Available data >>
- - - -

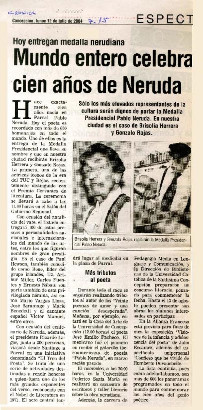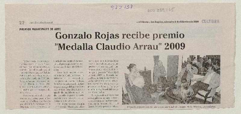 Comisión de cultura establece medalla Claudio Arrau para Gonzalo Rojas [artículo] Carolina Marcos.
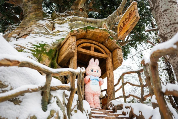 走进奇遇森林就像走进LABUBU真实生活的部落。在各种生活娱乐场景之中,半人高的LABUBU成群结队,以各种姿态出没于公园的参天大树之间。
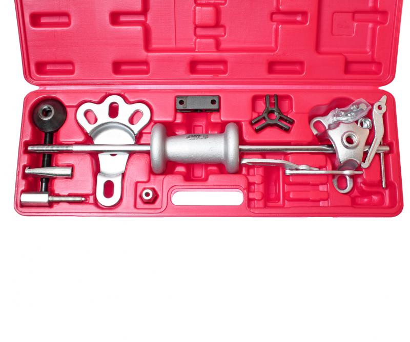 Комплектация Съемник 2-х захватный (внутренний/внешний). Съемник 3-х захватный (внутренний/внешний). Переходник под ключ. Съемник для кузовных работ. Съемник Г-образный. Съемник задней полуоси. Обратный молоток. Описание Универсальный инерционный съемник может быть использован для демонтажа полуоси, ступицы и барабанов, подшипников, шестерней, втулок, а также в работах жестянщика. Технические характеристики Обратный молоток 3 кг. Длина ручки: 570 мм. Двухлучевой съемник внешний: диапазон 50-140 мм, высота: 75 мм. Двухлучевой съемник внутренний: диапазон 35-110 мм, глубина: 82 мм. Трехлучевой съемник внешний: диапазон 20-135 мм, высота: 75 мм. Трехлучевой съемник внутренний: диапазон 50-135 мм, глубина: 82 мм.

- - - -

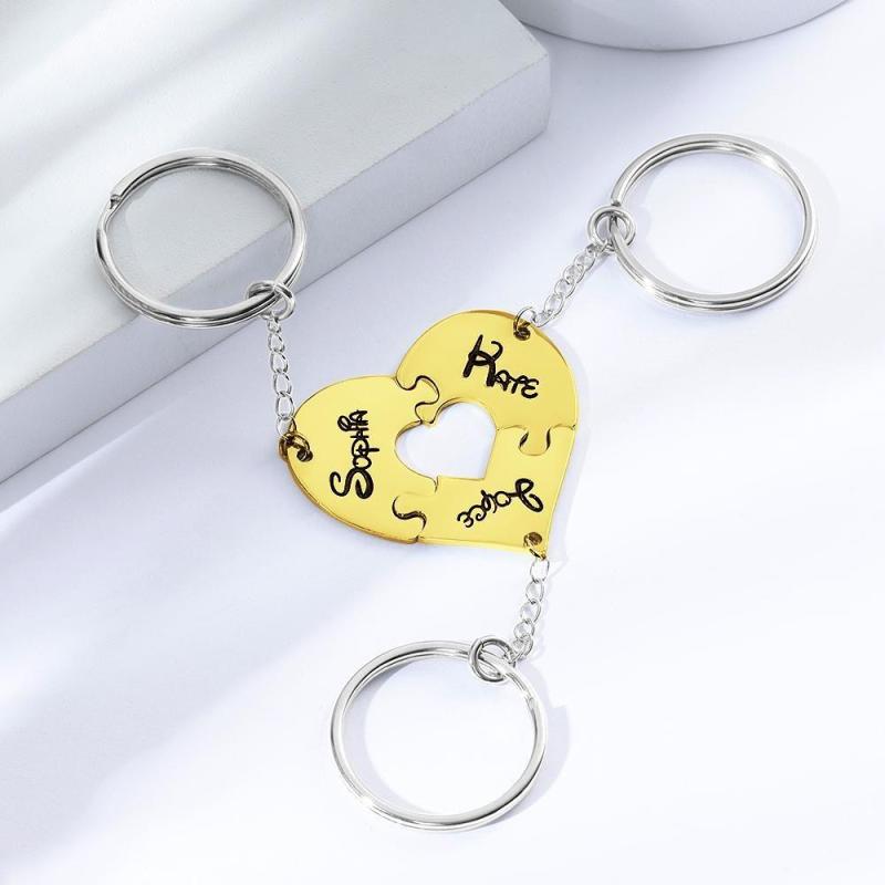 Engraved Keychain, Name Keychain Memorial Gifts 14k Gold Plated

- - - -

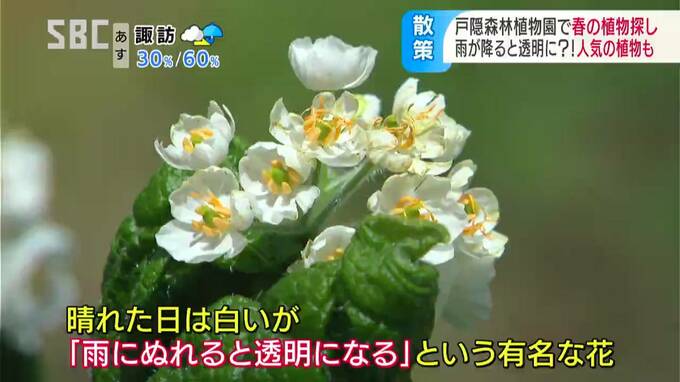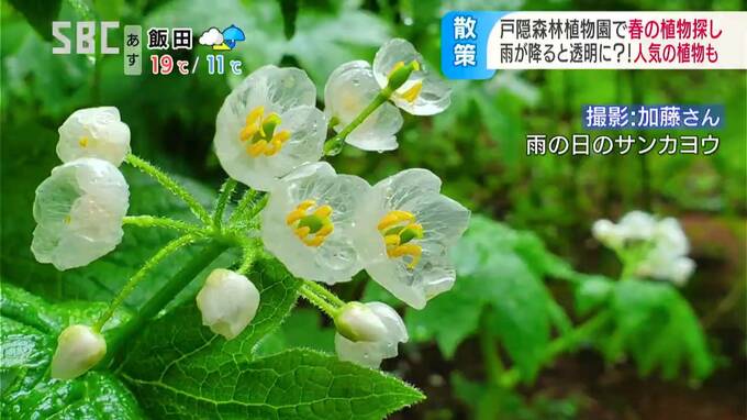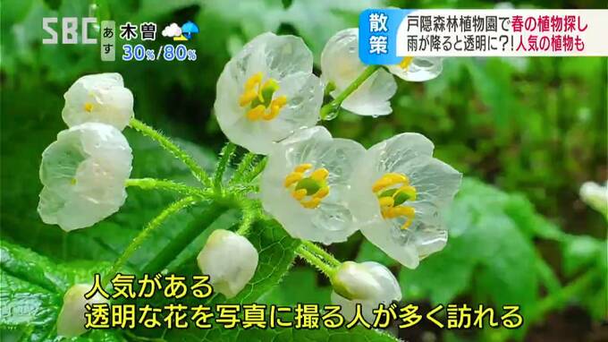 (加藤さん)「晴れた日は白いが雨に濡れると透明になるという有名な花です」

- - - -

Your instructions >>
From the records above, copy exactly the stretch from the line holding "Comisión de cultura" through the line holding "Комплектация Съемник 2-х", both ends included, without the pictures.

Finished exercise >>
 Comisión de cultura establece medalla Claudio Arrau para Gonzalo Rojas [artículo] Carolina Marcos.
 走进奇遇森林就像走进LABUBU真实生活的部落。在各种生活娱乐场景之中,半人高的LABUBU成群结队,以各种姿态出没于公园的参天大树之间。
 Комплектация Съемник 2-х захватный (внутренний/внешний). Съемник 3-х захватный (внутренний/внешний). Переходник под ключ. Съемник для кузовных работ. Съемник Г-образный. Съемник задней полуоси. Обратный молоток. Описание Универсальный инерционный съемник может быть использован для демонтажа полуоси, ступицы и барабанов, подшипников, шестерней, втулок, а также в работах жестянщика. Технические характеристики Обратный молоток 3 кг. Длина ручки: 570 мм. Двухлучевой съемник внешний: диапазон 50-140 мм, высота: 75 мм. Двухлучевой съемник внутренний: диапазон 35-110 мм, глубина: 82 мм. Трехлучевой съемник внешний: диапазон 20-135 мм, высота: 75 мм. Трехлучевой съемник внутренний: диапазон 50-135 мм, глубина: 82 мм.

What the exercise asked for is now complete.